# Work item:
Transcribe the listing below exactly, from its first line through the line with "Продавам Немски китарен". Omit the pictures.

# Information shown:
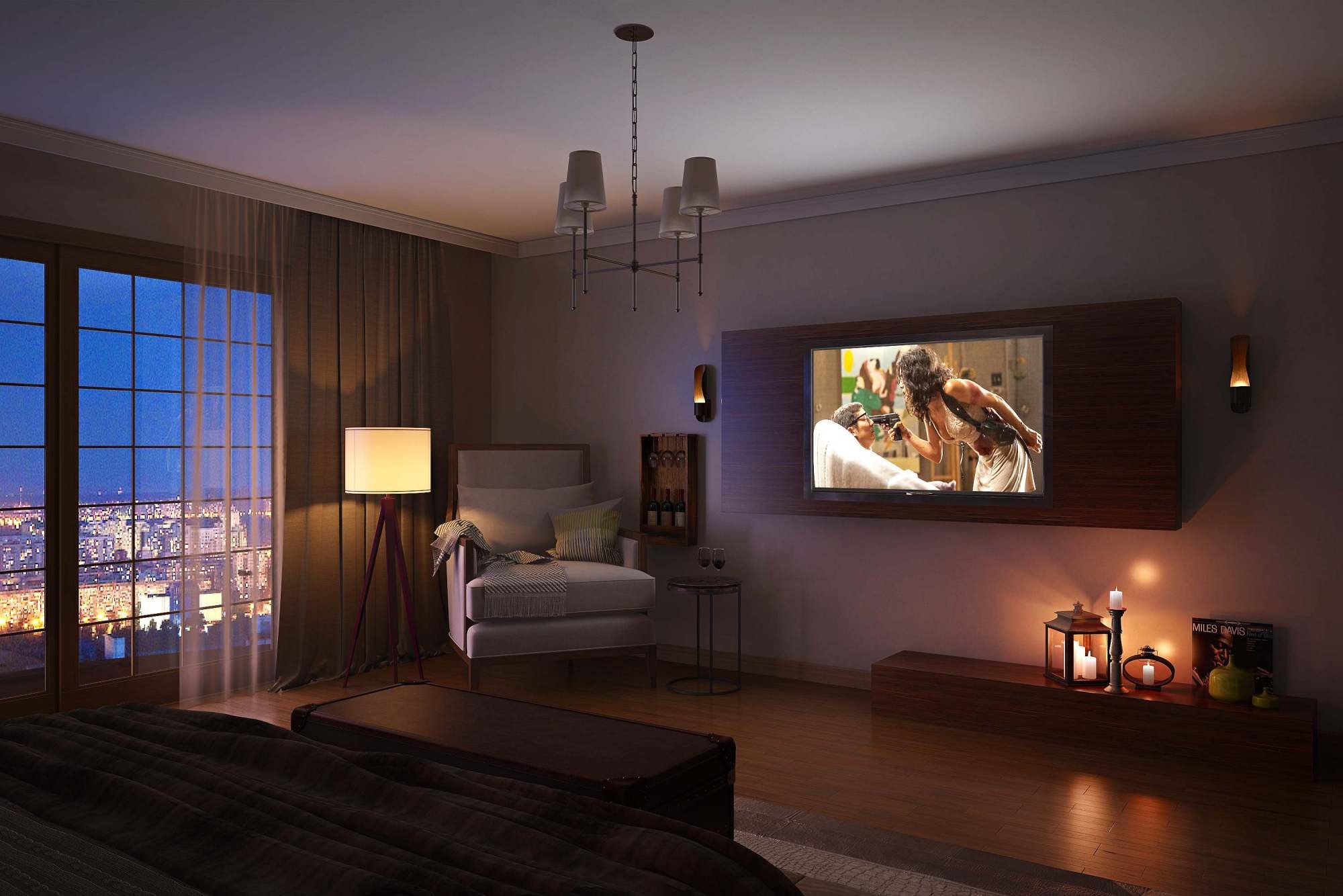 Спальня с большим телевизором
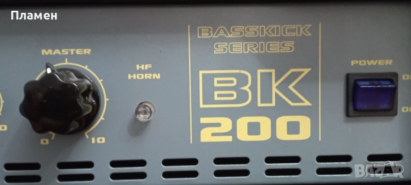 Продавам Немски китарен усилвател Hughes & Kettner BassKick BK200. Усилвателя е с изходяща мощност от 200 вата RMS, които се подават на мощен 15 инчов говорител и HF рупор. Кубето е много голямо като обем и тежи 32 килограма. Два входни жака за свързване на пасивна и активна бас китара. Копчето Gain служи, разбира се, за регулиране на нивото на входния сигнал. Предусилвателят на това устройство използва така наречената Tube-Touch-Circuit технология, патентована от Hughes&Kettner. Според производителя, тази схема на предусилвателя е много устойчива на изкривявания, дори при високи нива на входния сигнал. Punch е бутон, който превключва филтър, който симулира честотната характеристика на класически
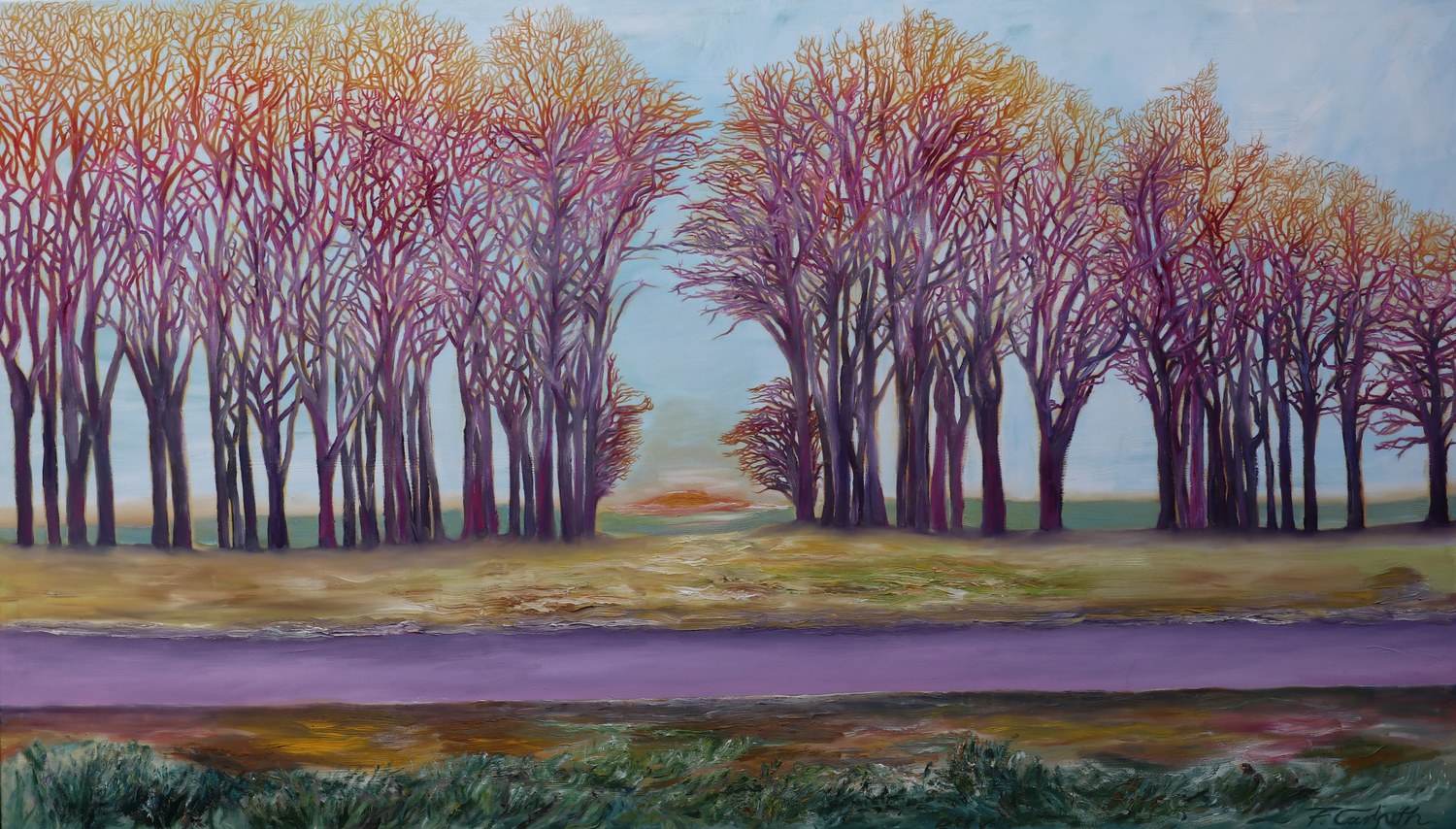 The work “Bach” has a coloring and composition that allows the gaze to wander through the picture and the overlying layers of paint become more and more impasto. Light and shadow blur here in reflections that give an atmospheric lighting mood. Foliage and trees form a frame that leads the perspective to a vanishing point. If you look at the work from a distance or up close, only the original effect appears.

# Answer to this exercise:
 Спальня с большим телевизором
 Продавам Немски китарен усилвател Hughes & Kettner BassKick BK200. Усилвателя е с изходяща мощност от 200 вата RMS, които се подават на мощен 15 инчов говорител и HF рупор. Кубето е много голямо като обем и тежи 32 килограма. Два входни жака за свързване на пасивна и активна бас китара. Копчето Gain служи, разбира се, за регулиране на нивото на входния сигнал. Предусилвателят на това устройство използва така наречената Tube-Touch-Circuit технология, патентована от Hughes&Kettner. Според производителя, тази схема на предусилвателя е много устойчива на изкривявания, дори при високи нива на входния сигнал. Punch е бутон, който превключва филтър, който симулира честотната характеристика на класически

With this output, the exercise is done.